While very much an outsider, I have watched the recent new wave of scandals striking the Catholic church with great sadness. This was increased today as the Catholic diocese in my own hometown of Lincoln, Nebraska was caught up in allegations of abuse. I am far from being a Catholic, although I have a few wonderful friendships with Catholic brothers and sisters from Lincoln. I have no interest in commenting on these specific claims - they may well be false and will need to be investigated, although they may also be true and it is important to protect those who bring charges of abuse and recognize the difficulty of telling the truth when the structures of power are against them.

My concern is that many evangelical Protestants hear these stories from within Catholicism and simply shake their heads, blaming them merely on priestly celibacy or some sort of popish corruption. There may well be particular structures within the Catholic church that lead to some of its struggles, but leaders in the church abusing power, sinning sexually, and victimizing the helpless are hardly absent from evangelicalism. Treating this as someone else's problem only stores up wrath for the day we eventually reap the whirlwind of our own sins.

With that said, I just want to offer a few general Biblical principles we should all bear in mind when we hear about such evils in the church.

1. While there is forgiveness for any sin, grace always requires true repentance. This is particularly true for public sins by those in power. The impulse to minimize damage, and hence to minimize owning our failings, is actually to deny the power of Christ's cross. When a Christian institution confronts corruption, its mission is to tell the whole truth and acknowledge the depth of our guilt. We should repent for as much as we possibly can, not as little as we can get away with.

2. While there is no level of morality demanded for someone to come to Jesus, there is a level of morality required of those who are ministers of Christ's church. 1 Timothy 3 and Titus 2 both set out qualifications for leaders in the church, and those of us who are pastors must take those qualifications seriously. This does not mean that pastors are sinless - that is not what those passages are about, and demanding perfection of leaders creates its own set of problems. However, there is a common misconception about how forgiveness interacts with the call to ministry. There are some who mistakenly think that graciousness requires we not remove pastors from their positions when they sin, or that we scurry to restore them as quickly as possible. The Bible disagrees. Any repentant sinner is welcome to the Lord's table and to be a member of the church, but there are sins that preclude a person from being ordained or that should result in their defrocking, even if the sinner is repentant.

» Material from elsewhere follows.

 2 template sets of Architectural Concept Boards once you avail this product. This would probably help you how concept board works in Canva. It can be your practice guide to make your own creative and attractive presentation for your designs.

This subject weighs heavily on me because it reminds me of the seriousness of my calling. Every pastor is one bad series of choices away from disqualifying themselves. Again, I'm not speaking about all sins here - I fail every day in all kinds of ways and am so glad for the righteousness I have in Jesus. What Paul focuses on in the above passages are sins that 1) bring public scandal to the gospel or 2) do significant damage to the church's members. In such cases, a pastor ought to be removed from power. I ought to be removed from power if I ever betray my ordination vows in those way.

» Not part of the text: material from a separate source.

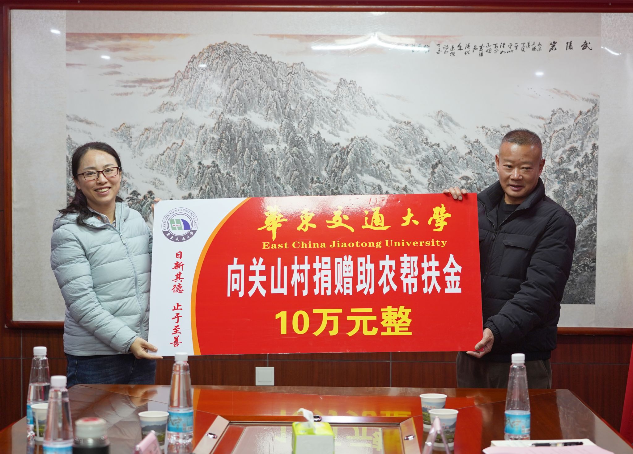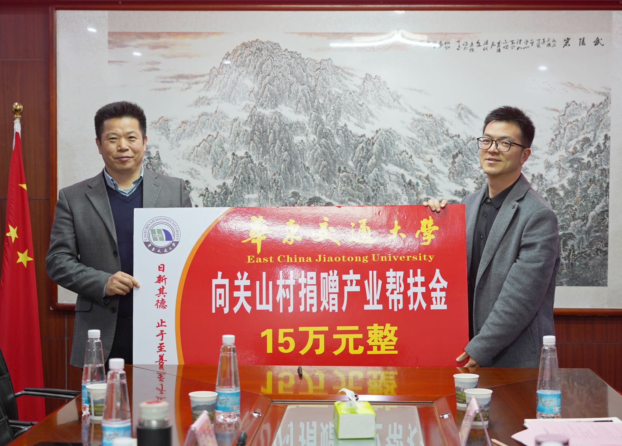 徐长节、罗文俊分别代表学校向关山村捐赠15万元产业帮扶金和10万元助农帮扶金。工会、华交产业集团负责人与关山村负责人签订了相关帮扶协议。

3. This is because no human being or human institution is indispensable to the kingdom of God. Our ego can persuade us to compromise God's standards because of our imagined importance. Perhaps this is one of the forces at work in Catholicism's struggles - priests and bishops so worried about their reputations or the reputation of the church that they place it ahead of seeking righteousness. Yet it is equally the sin of the megachurch pastor who thinks his ministry is too crucial to the kingdom to be ended by an affair or of the struggling local congregation that sweeps abuse under the rug for fear of losing members.

Ministers and churches and denominations exist to serve Jesus and care for His little lambs. They are good when they are faithful in this calling, but when they forsake it, they cease to be ministers of Christ. No pastor is more important than the purity of Christ's church and protecting His sheep. No church or denomination, regardless of its history or tradition or size, is more important than the reputation of the gospel and fidelity to the Lord. Jesus Christ will build his church, and he uses sinners to do it, but those sinners must never think they are necessary for Jesus's mission to be fulfilled.

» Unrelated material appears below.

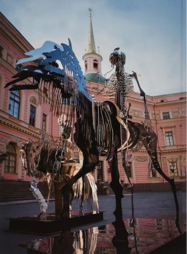 Having some engineering experience, Klyukin was able to experiment and derive a concept of connecting steel sheets on a non-existent, speculative axis without any actual fasteners. The principle of mobility of each individual piece was the basis for this technological innovation. Each sculpture created without physical fasteners is easily assembled and disassembled. This new experience brought new satisfaction. One of the statuettes done using the “live sculpture” technique, the Golden Madonnina, was used as the official award during Milan Design Week in 2017, a kind of Oscar for designers.

 Again, I feel an enormous gravity writing those words. I know there are the seeds of pride in my own heart that can lead to such a warped view of myself. Pride is something I have to fight against daily. I pray God continues to give me the grace to oppose it. However, to compromise in that battle will inevitably lead to the injury of those I exist to serve. That is the reason we must be vigilant against such presumption.

My prayers are for all those wounded by such abuses of power and for all those who perpetrate it, that justice and repentance would come. I pray that Jesus would be at work in our midst, humbling those of us who lead and caring for those wounded by leaders who fall. May His kingdom of peace continue to move forward, and may we be faithful in stewarding it until He comes again.